BACKGROUND OF THE INVENTION
Orellanine (see Formula I below) is a selective renal toxin occurring in relatively large amounts in several fungal species of the Cortinarius family.
WO 2010/040750 discloses that Orellanine may be used in the treatment of renal cell carcinoma. Orellanine was taken up in human renal cancer cells and killed them with great efficiency whether they were derived from a primary tumor or from metastatic tumor tissue. The cell death progressed for many days after transient exposure to Orellanine, indicating that the toxin was actively taken up and retained by the cells.
Orellanine drug products are being developed as treatments for renal cancer. It is therefore desirable to provide pharmaceutical formulations of Orellanine.
The present inventors have sought to provide stable formulations of Orellanine that are suitable for administration by intravenous injection.
SUMMARY OF THE INVENTION
Accordingly, the present invention provides a pharmaceutical aqueous solution formulation comprising from 0.1 to 40 mg/ml of Orellanine; and
a buffer; wherein the pH of the formulation is in the range of 7 to 8.

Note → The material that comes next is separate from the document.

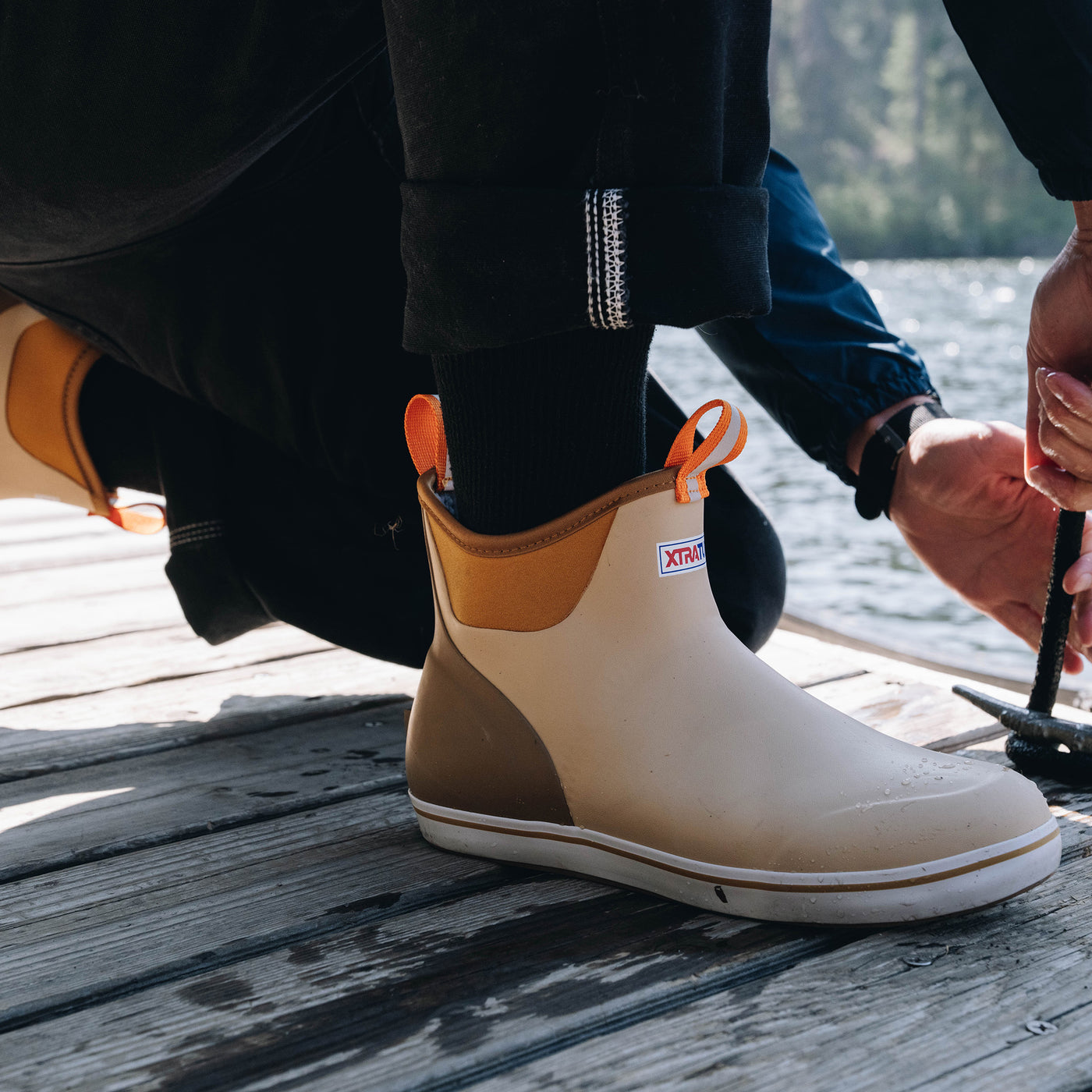 The Ankle Deck Boot collection has been crafted specifically for off-shore anglers. Anglers are athletes, and like any athlete they demand the best footwear to help them perform at a high level. We've created a lightweight design with the same slip-resistant Chevron outsole found on our Legacy boots. The ankle deck boot is a great option for any on-the-water athlete looking for protection with slip-on-and-go styling.

The present inventors have found that such formulations are stable and suitable for administration by intravenous injection.
DETAILED DESCRIPTION OF THE INVENTION
The pharmaceutical formulation is an aqueous formulation. Water for injection (WFI) may be used in aqueous formulations that are to be administered by intravenous injection.
The amount of Orellanine in the formulation is from 0.1 to 40 mg/ml and may be from 0.5 to 30 gm/ml, from 1 to 20 mg/ml of Orellanine, from 5 to 15 mg/ml of Orellanine, from 8 to 12 mg/ml of Orellanine, from 9 to 11 mg/ml of Orellanine, or about 10 mg/ml of Orellanine. In an embodiment, the formulation comprises 10 mg/ml of Orellanine. It is possible to determine the amount of Orellanine in a formulation by conventional methods including High-Performance Liquid Chromatography (HPLC).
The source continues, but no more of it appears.